Summary. The paper presents a method to recover the hardware command streams emitted by NVIDIA's closed-source userspace driver with claimed full integrity. It leverages the recently open-sourced kernel driver by instrumenting the memory-mapping path and installing a hardware watchpoint on the userspace mapping of the GPU doorbell register to capture complete command submissions at commit time. Two case studies are provided: one characterizing DMA submission modes and raw hardware performance for CUDA data movement via CUDA-bypassing command issuance, and another showing that reduced launch overhead in newer CUDA releases correlates with smaller command footprints and more efficient submission patterns in CUDA Graphs.

Significance. If the capture method is non-intrusive and the streams are unmodified, the work offers a practical foundation for low-level visibility into proprietary GPU middleware, enabling improved performance interpretation, optimization of CUDA and related stacks, and informed hardware-software co-design. The case studies illustrate concrete benefits in attributing data-movement costs and understanding launch-efficiency changes across CUDA versions.

major comments (1)

[capture methodology (abstract and §3)] The central claim of recovering streams 'with full integrity' rests on the instrumentation of the memory-mapping path and the hardware watchpoint being transparent to the closed-source driver. No direct comparison to an unmodified submission path, no timing measurements of added latency, and no argument ruling out reordering or content changes are provided, leaving the weakest assumption unverified despite the closed-source nature preventing independent checks.

minor comments (1)

[abstract] The abstract and introduction could more explicitly state the scope limitations imposed by the closed-source driver (e.g., inability to compare against ground truth).

Simulated Author's Rebuttal

1 responses · 0 unresolved

We thank the referee for the careful review and for identifying the need for stronger verification of the capture method's transparency. We address the major comment on the capture methodology below and will revise the manuscript accordingly.

read point-by-point responses

Referee: [capture methodology (abstract and §3)] The central claim of recovering streams 'with full integrity' rests on the instrumentation of the memory-mapping path and the hardware watchpoint being transparent to the closed-source driver. No direct comparison to an unmodified submission path, no timing measurements of added latency, and no argument ruling out reordering or content changes are provided, leaving the weakest assumption unverified despite the closed-source nature preventing independent checks.

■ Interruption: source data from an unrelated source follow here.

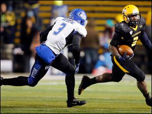 University of Toledo RB Kareem Hunt runs the ball against Buffalo during the third quarter.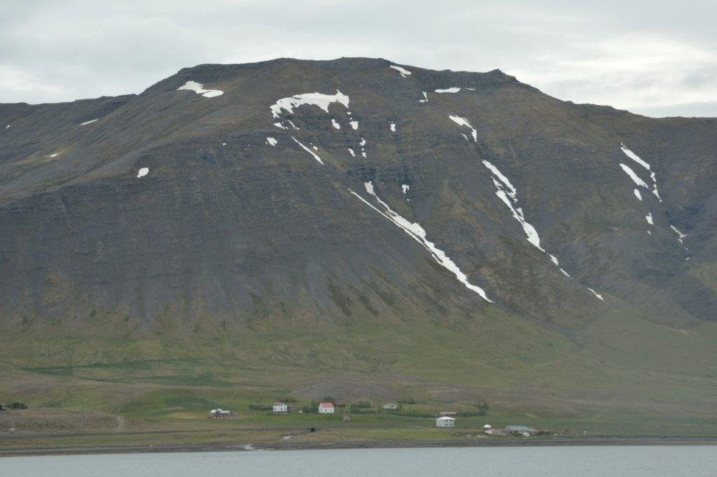 Nun aber zurück Richtung Ísafjörður. Vorbei an Fjorden. Vorbei an gigantischen, grün angehauchten steil aufragenden Gebirgsrücken. Kleine Häuser und Höfe. Wie Spielzeuge. Einsamkeit. Wie wir mit dieser Situation zurechtkommen würden?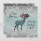 A decorative festive reindeer along with a snowflake and glittery stars backdrop creating a magical winter wonderland vibe where you can custom the card at the left and right corner making it uniquely your own.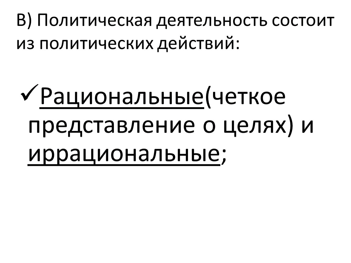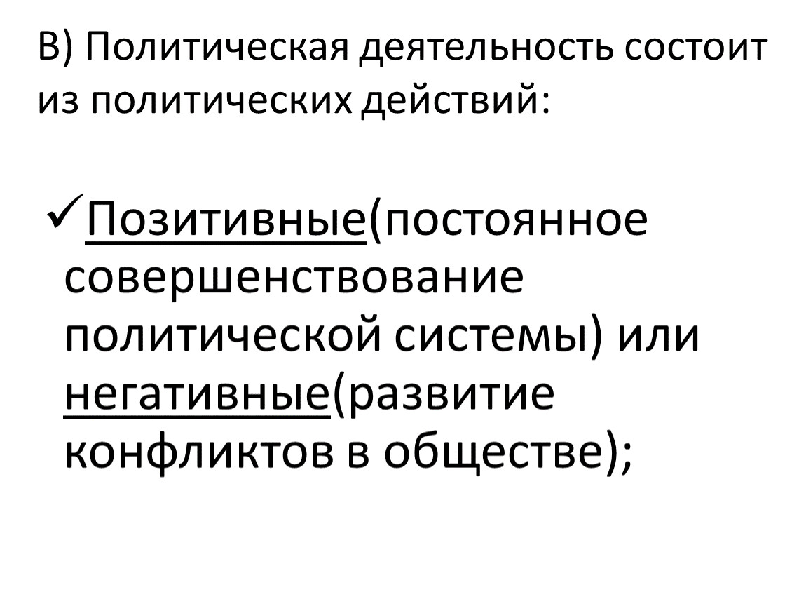 В) Политическая деятельность состоит из политических действий: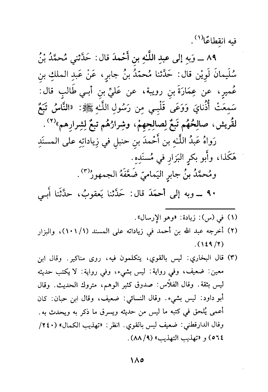 89- وبه إلى عبد الله بن أحمد قال: حدثني محمد بن سليمان لوين قال: حدثنا محمد بن جابرٍ، عن عبد الملك بن عمير، عن عمارة بن رويبة، عن علي بن أبي طالبٍ قال: سمعت أذناي ووعى قلبي من رسول الله صلى الله عليه وسلم : ((الناس تبعٌ لقريش، صالحهم تبع لصالحهم، وشرارهم تبعٌ لشرارهم)).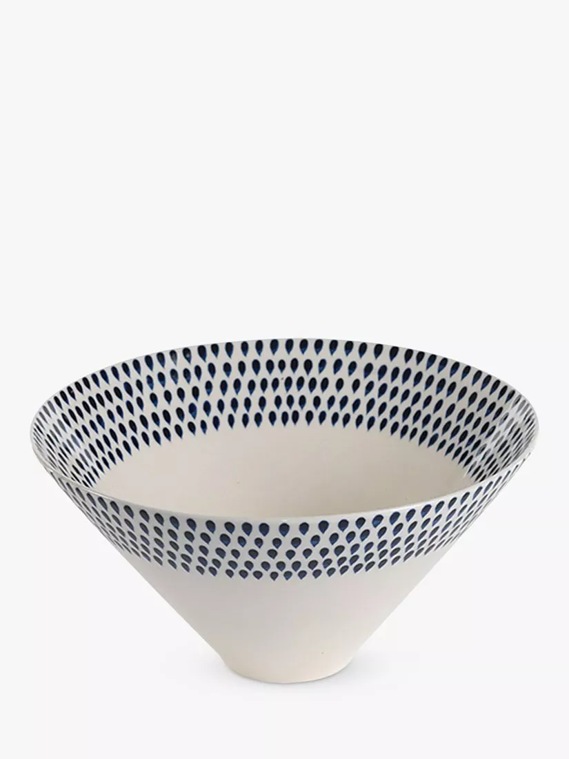 The nkuku popular Indigo Drop ceramic collection of tableware and serveware is made by skilled artisans in Vietnam. Every stage of the production process is done by hand using traditional tools and techniques, from shaping the white clay on a traditional potter's wheel to painting each individual drop around the rim freehand.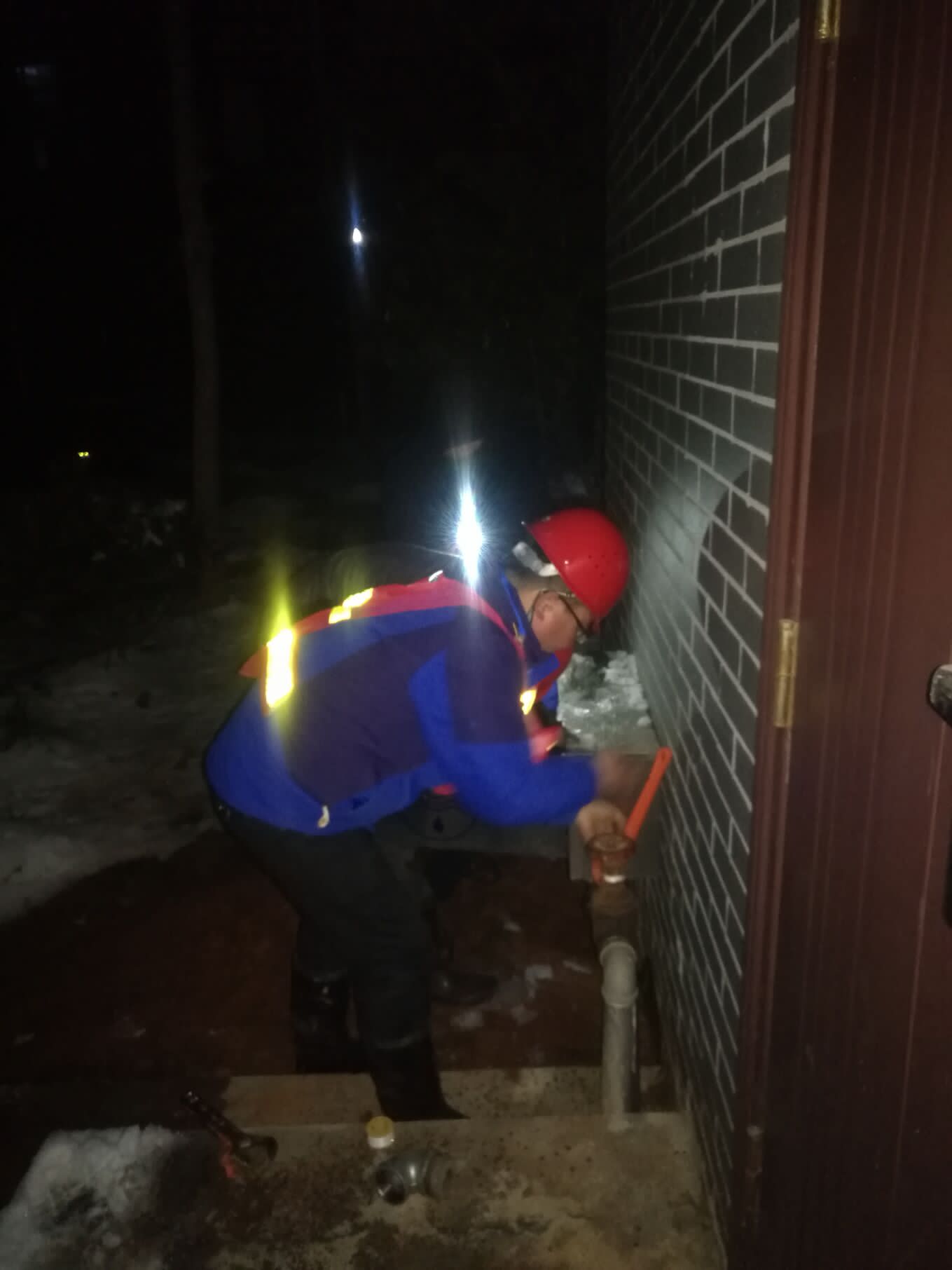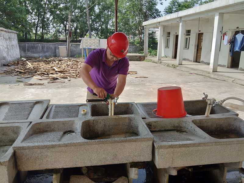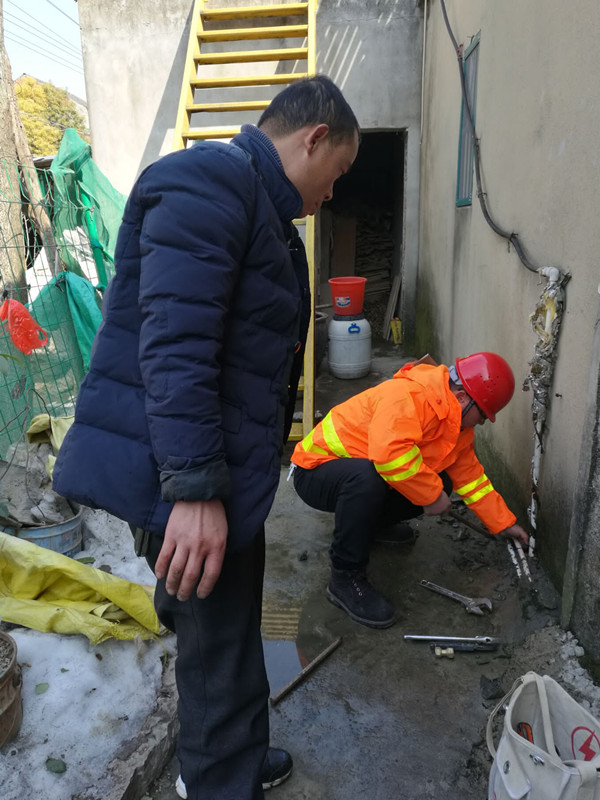 25日清早,大雪紛飛,錢程剛泡好茶正準備喝上一口,就接到用戶打來的電話,反映江口村幾戶家中無水,他二話沒說立即帶上工具趕往現(xiàn)場。到達現(xiàn)場后詢問后得知該村有兩個組共六十余戶沒水或家中水小,他很著急,心想:這個大雪天,村里60多戶老老少少沒有水怎么生活!刻不容緩,他立即圍繞這兩個組周圍的管網(wǎng)進行巡查,憑他多年維修經(jīng)驗判斷感覺是管道漏水泄壓造成的,經(jīng)過1個小時的巡查,果然在一個池塘邊發(fā)現(xiàn)一處DN63PVC管道裂開,水正往池塘里漏,他立刻關閥止水,并立刻拿來搶修工具修復管道,冰雪天,冷水刺骨,在冷水里泡了1個多小時雙手早已凍的發(fā)紫,他咬牙堅持著,終于將管道修復好,村里60多戶村民能用上水了,可此時的他已快成為一個雪人了,村民們感動的都要紛紛拉他到家里喝上杯熱茶暖暖身子,“這是我應該做的”說完后,錢程就急著要趕到另一個搶修現(xiàn)場。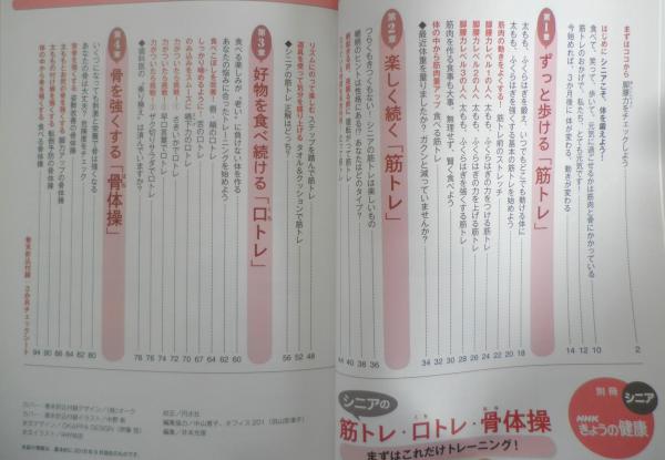 まずはこれだけトレーニング! 折込付録/「3か月チェックシート」ではじめる健康長寿の体作り まずはココから/脚腰力をチェックしよう はじめに/シニアこそ、体を鍛えよう! 第1章/ずっと歩ける「筋トレ」 第2章/楽しく続く「筋トレ」 第3章/好物を食べ続ける「口トレ」 第4章/骨を強くする「骨体操」

Authors: We agree that the manuscript would benefit from a more explicit defense of the integrity claim. The kernel instrumentation augments only the mmap path in the recently open-sourced kernel driver to record the virtual address of the doorbell mapping; it performs no modification to the mapping itself, no interception of userspace driver calls, and no alteration of command buffers. The hardware watchpoint is installed solely to trigger on the write to the doorbell register, at which point the command buffer is captured. This occurs after the closed-source userspace driver has completed all command preparation and before the GPU begins execution, so the captured stream matches the driver's emitted commands. Reordering or content changes are precluded because our mechanism does not participate in the write or the preparation phase. We acknowledge the absence of side-by-side unmodified comparisons and explicit latency numbers. In revision we will expand §3 with (i) a dedicated paragraph formalizing why the design rules out interference, (ii) available overhead measurements from our testbed, and (iii) discussion of why a fully unmodified comparison is not feasible without driver source access. These changes will directly address the verification concern. revision: yes

Circularity Check

0 steps flagged

No circularity: empirical instrumentation method with external dependencies

full rationale

The paper describes a systems instrumentation technique that recovers command streams by leveraging the open-sourced NVIDIA kernel driver, memory-mapping instrumentation, and a hardware watchpoint on the doorbell register. No equations, fitted parameters, or first-principles derivations appear in the provided text. The central claim of 'full integrity' recovery rests on an external assumption about non-interference from added instrumentation rather than any self-definition, self-citation chain, or renaming of known results. The two case studies (DMA modes and CUDA Graphs) are observational characterizations enabled by the method, not predictions that reduce to the inputs by construction. This is a standard non-circular empirical systems paper.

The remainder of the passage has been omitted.